Abstract
Segmenting bone from background is required to quantify bone architecture in computed tomography (CT) image data. A deep learning approach using convolutional neural networks (CNN) is a promising alternative method for automatic segmentation. The study objectives were to evaluate the performance of CNNs in automatic segmentation of human vertebral body (micro-CT) and femoral neck (nano-CT) data and to investigate the performance of CNNs to segment data across scanners.
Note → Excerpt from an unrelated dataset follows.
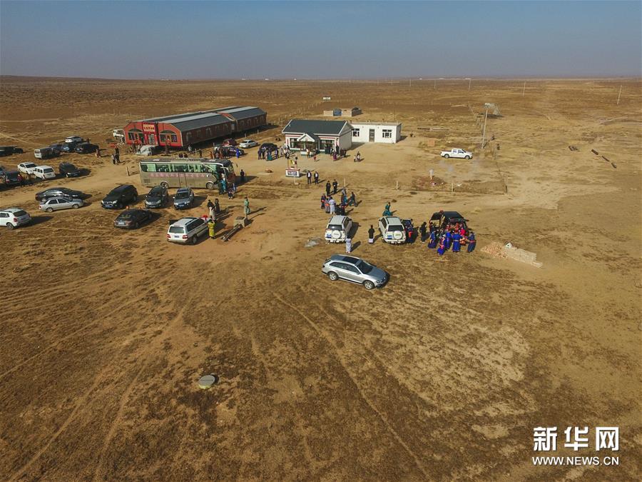 11月17日,在内蒙古鄂尔多斯市鄂托克前旗乌提嘎查,男方家属迎接乘车抵达的新娘(无人机航拍)。 “鄂尔多斯婚礼”是内蒙古鄂尔多斯地区传统民俗,形成于蒙元时期,至今已流传700多年,目前仍然比较完整地保留着鄂尔多斯婚礼的哈达定亲、佩弓娶亲、献羊祝酒等程序。婚礼通过优美的歌舞和隆重的仪式,表达对美好生活的追求。2006年,“鄂尔多斯婚礼”被列入国家级非物质文化遗产名录。 新华社记者刘磊摄

Scans of human L1 vertebral bodies (microCT [North Star Imaging], n=28, 53μm3) and femoral necks (nano-CT [GE], n=28, 27μm3) were used for evaluation. Six slices were selected for each scan and then manually segmented to create ground truth masks (Dragonfly 4.0, ORS). Two-dimensional U-Net CNNs were trained in Dragonfly 4.0 with images of the [FN] femoral necks only, [VB] vertebral bodies only, and [F+V] combined CT data. Global (i.e., Otsu and Yen) and local (i.e., Otsu r = 100) thresholding methods were applied to each dataset. Segmentation performance was evaluated using the Dice coefficient, a similarity metric of overlap. Kruskal-Wallis and Tukey-Kramer post-hoc tests were used to test for significant differences in the accuracy of segmentation methods.
The FN U-Net had significantly higher Dice coefficients (i.e., better performance) than the global (Otsu: p=0.001; Yen: p=0.001) and local (Otsu [r=100]: p=0.001) thresholding methods and the VB U-Net (p=0.001) but there was no significant difference in model performance compared to the FN + VB U-net (p=0.783) on femoral neck image data. The VB U-net had significantly higher Dice coefficients than the global and local Otsu (p=0.001 for both) and FN U-Net (p=0.001) but not compared to the Yen (p=0.462) threshold or FN + VB U-net (p=0.783) on vertebral body image data.
The results demonstrate that the U-net architecture outperforms common thresholding methods. Further, a network trained with bone data from a different system (i.e., different image acquisition parameters and voxel size) and a different anatomical site can perform well on unseen data. Finally, a network trained with combined datasets performed well on both datasets, indicating that a network can feasibly be trained with multiple datasets and perform well on varied image data.
Competing Interest Statement
Benjamin Provencher, Nicolas Pichè, and Mike Marsh are employees of Object Research Systems, Inc. The remaining authors have no conflicts of interest to declare.